Mas, calma Milton. É bom que você, se não nos palcos, siga entre a gente por mais um bom tempo, para poder desfrutar tudo o que esta geração tem lhe reservado. O patrimônio mineiro é uma unanimidade entre o público popular no Brasil e entre os jazzistas lá fora. A novidade é que a qualidade de sua obra está atravessando tais fronteiras que Nascimento vai ganhando cada vez mais espaço entre os jovens pelo mundo, estimulados pelo culto ao vinil (e por consequências, suas obras clássicas) e por um olhar um pouco mais distante dos tempos da visão colonizadora, que separava a música feita fora da Europa e Estados Unidos como “world music” ou “étnica”.
Milton Nascimento vem sendo descoberto, revisitado e, em um sensacional ato de safadeza, lança um discaço cheio de significado e expressão. Milton + Esperanza é uma celebração. O LP começa com um doce diálogo entre os dois amigos, meio que cantado a esmo durante as sessões de estúdio. Pinta uma Spalding deslumbrada, dona de uma paixão de pureza infantil pelo mestre, e um Milton Nascimento de voz cigarrática e fala mole de dentes soltos, que passeia pela boca. Não se engane ou se assuste. É um embuste do mineiro, que a partir da segunda faixa, apresenta uma voz sublime na interpretações de todas as canções.
Bituca, o carinhoso apelido que o cantor tem desde criança, encontrou na companheira de disco uma nova Elis Regina, cantora de quem foi grande amigo e comparsa musical. Em dados momentos do álbum, a interpretação de Spalding (que assinou a composição de quatro canções do álbum) lembra mesmo a da diva brasileira. O grave rugoso de Milton e o agudo jazzista de Esperanza caminham juntos, de mãos dadas nas canções.
Os músicos experientes, tarimbados, sabem que ao fazer uma reinterpretação de Beatles, não dá para tentar ser melhor que eles. A saída é ir para o lado oposto, e foi o que a dupla fez na dificílima tarefa de reinventar A Day In The Life, composta por Paul McCartney. As alternativas que a dupla propôs para a música são fantásticas. Milton + Esperanza ainda tem mais uma reinvenção: Earth Song, do Michael Jackson, liderada pela voz da convidada Dianne Reeves, que arrebenta no vocal.

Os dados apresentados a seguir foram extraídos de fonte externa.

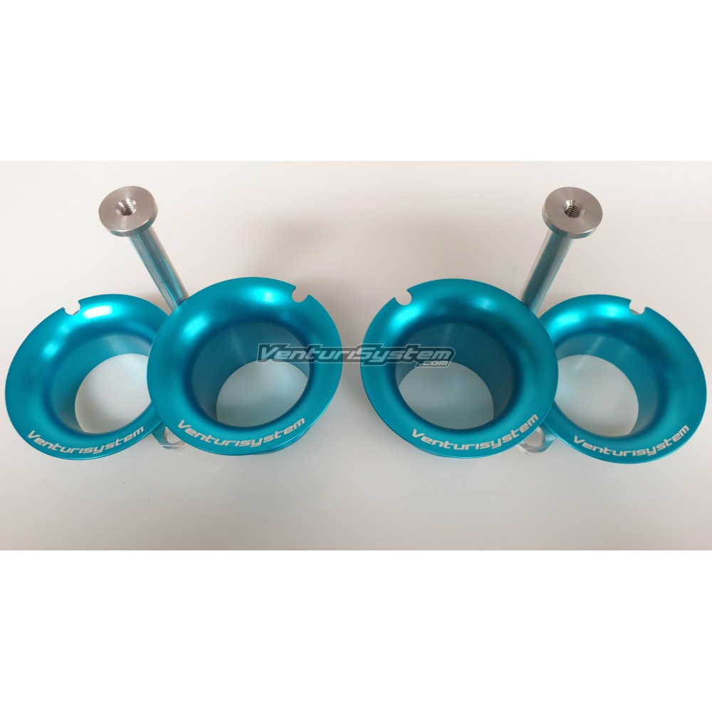 4 Racing Velocity stacks air funnel in blue anodized aluminum, mounting brackets, spacers, installation screws, and threadlocker included.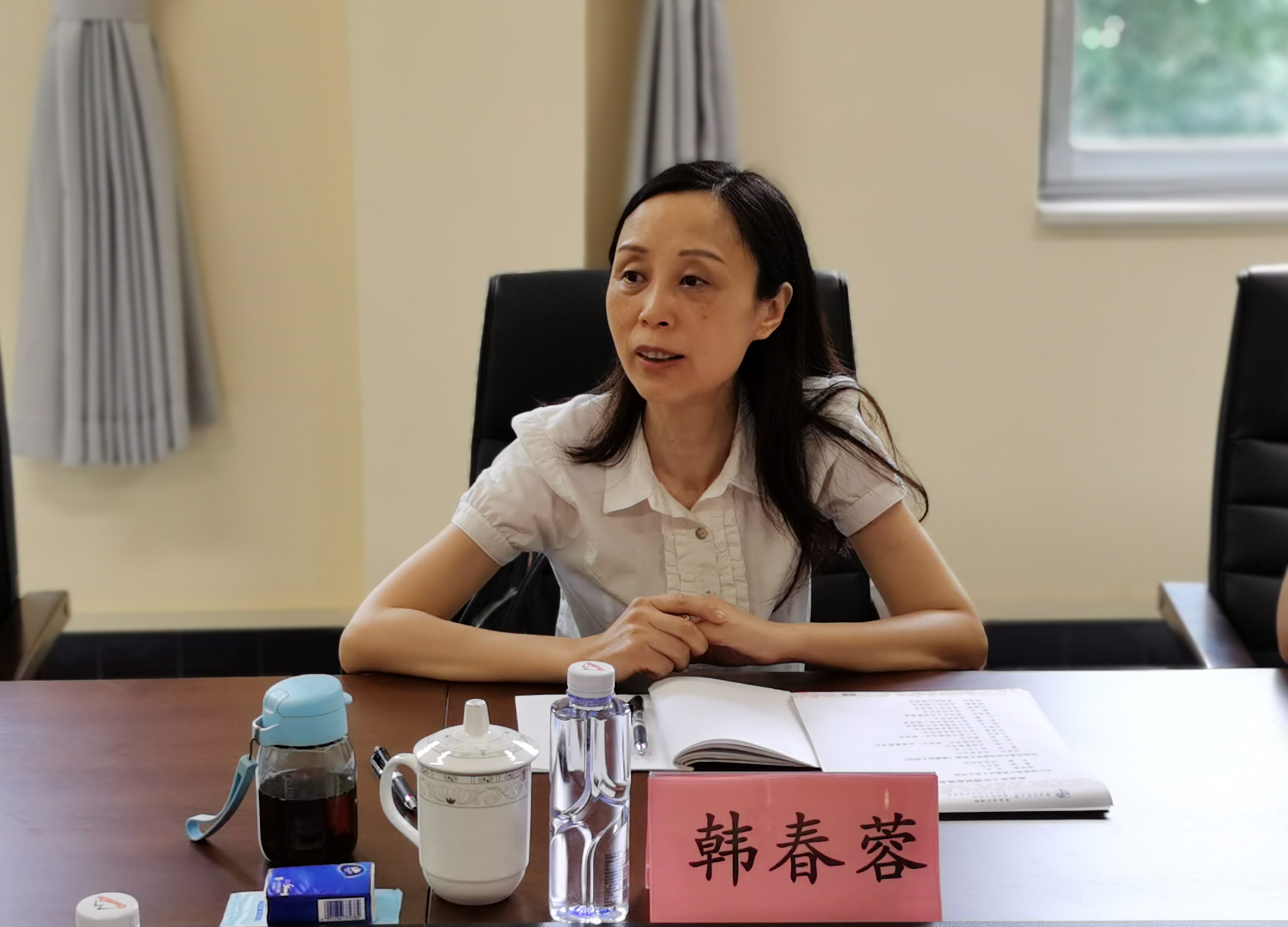 随后,韩春蓉一行在晚晴苑二楼会议室进行了座谈,学校离退处全体在职人员参加了座谈交流。

Incluindo participações de Paul Simon, Guinga, Elena Pinderhughes, Orquestra Ouro Preto, Lianne La Havas, Maria Gadú, Tim Bernardes, Lula Galvão e Carolina Shorter, o novo álbum é mais jazz e, ainda assim, mais Milton Nascimento do que nunca. Frase que, para o povo lá do estrangeiro, é uma redundância. Bituca é considerado, faz muito tempo, um grande mestre do jazz. E a aliança com Esperanza Spalding só faz melhorar esta imagem. Uma obra indispensável.